● **What you are asked to do**: Output each entry verbatim and exclude every picture from it.

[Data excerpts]
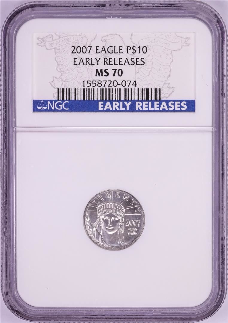 One 2007 $10 Platinum American Eagle Coin NGC MS70 Early Releases. NGC Certified.
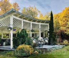 На участке газон, детская игровая зона, открытая беседка со встроенной кухней и мангалом. В ландшафтном дизайне сада много редких деревьев и растений, летом все утопает в цветах.
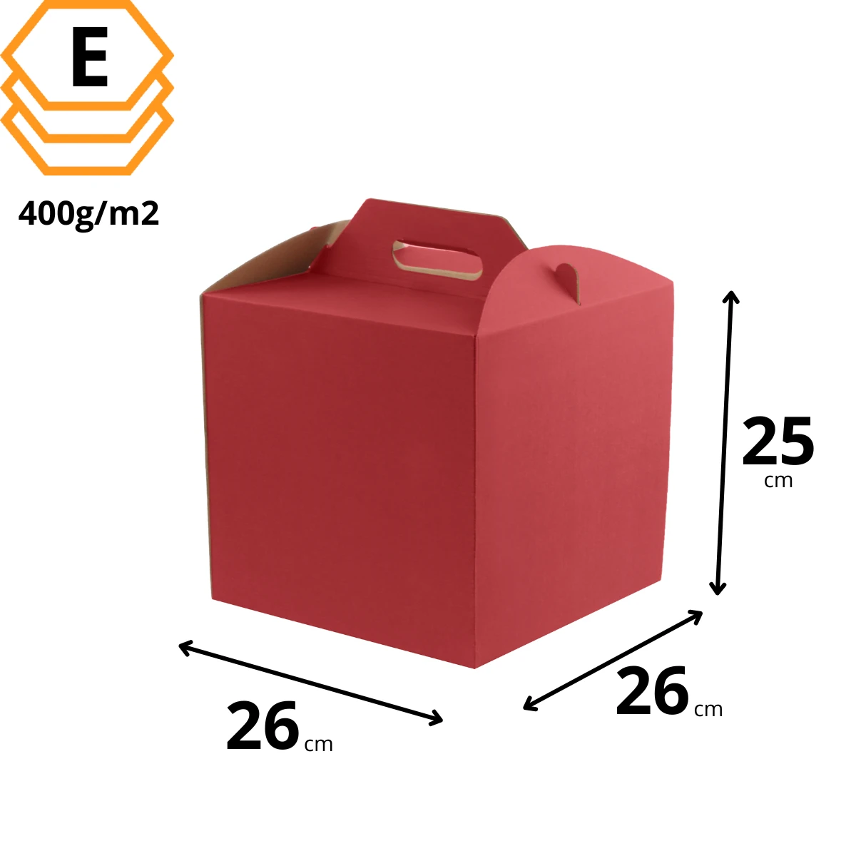 Karton na tort z rączką 26x26x25 cm czerwony - 5000 sztuk
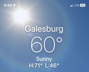 Weather: Sunny/windy, 60-71F
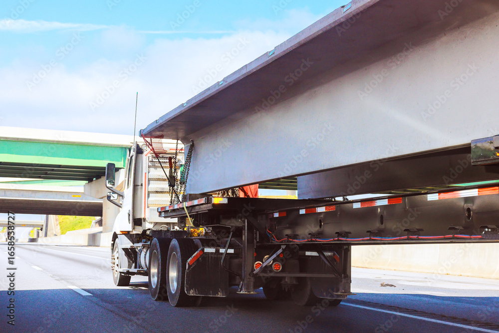 Fototapeta na wymiar - Heavy truck transports large concrete beam on busy highway during bright daylight near an overpass.
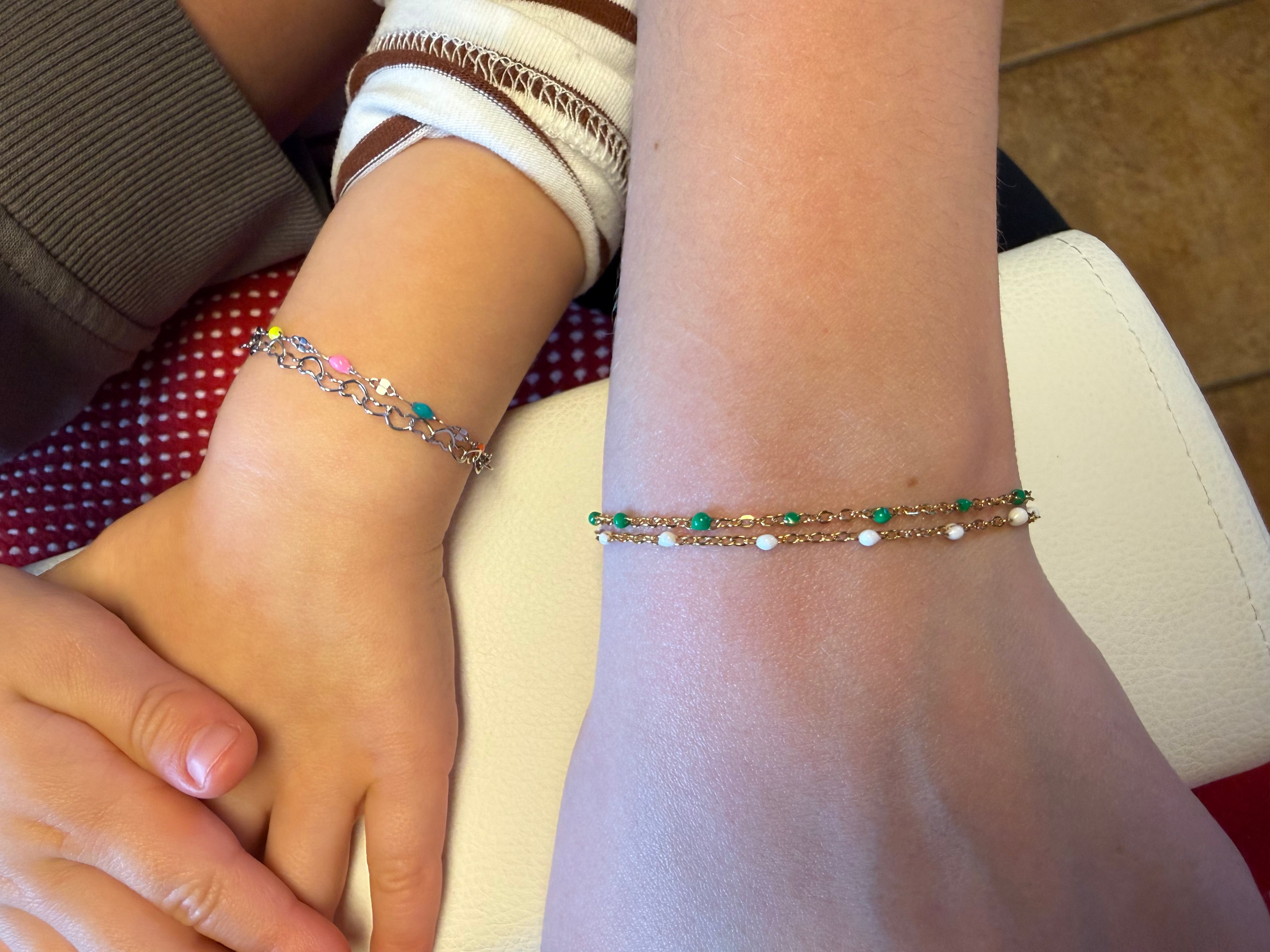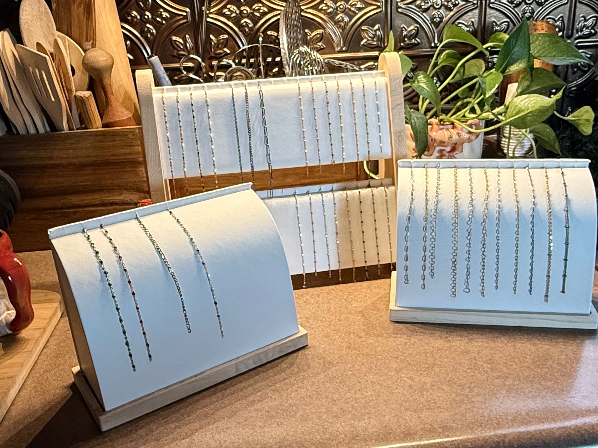 Pick from several stainless steel options in silver and gold. As well as colorful enameled beaded chain, a customer favorite.

● **Solution to this task**:
 One 2007 $10 Platinum American Eagle Coin NGC MS70 Early Releases. NGC Certified.
 На участке газон, детская игровая зона, открытая беседка со встроенной кухней и мангалом. В ландшафтном дизайне сада много редких деревьев и растений, летом все утопает в цветах.
 Karton na tort z rączką 26x26x25 cm czerwony - 5000 sztuk
 Weather: Sunny/windy, 60-71F
 Fototapeta na wymiar - Heavy truck transports large concrete beam on busy highway during bright daylight near an overpass.
 Pick from several stainless steel options in silver and gold. As well as colorful enameled beaded chain, a customer favorite.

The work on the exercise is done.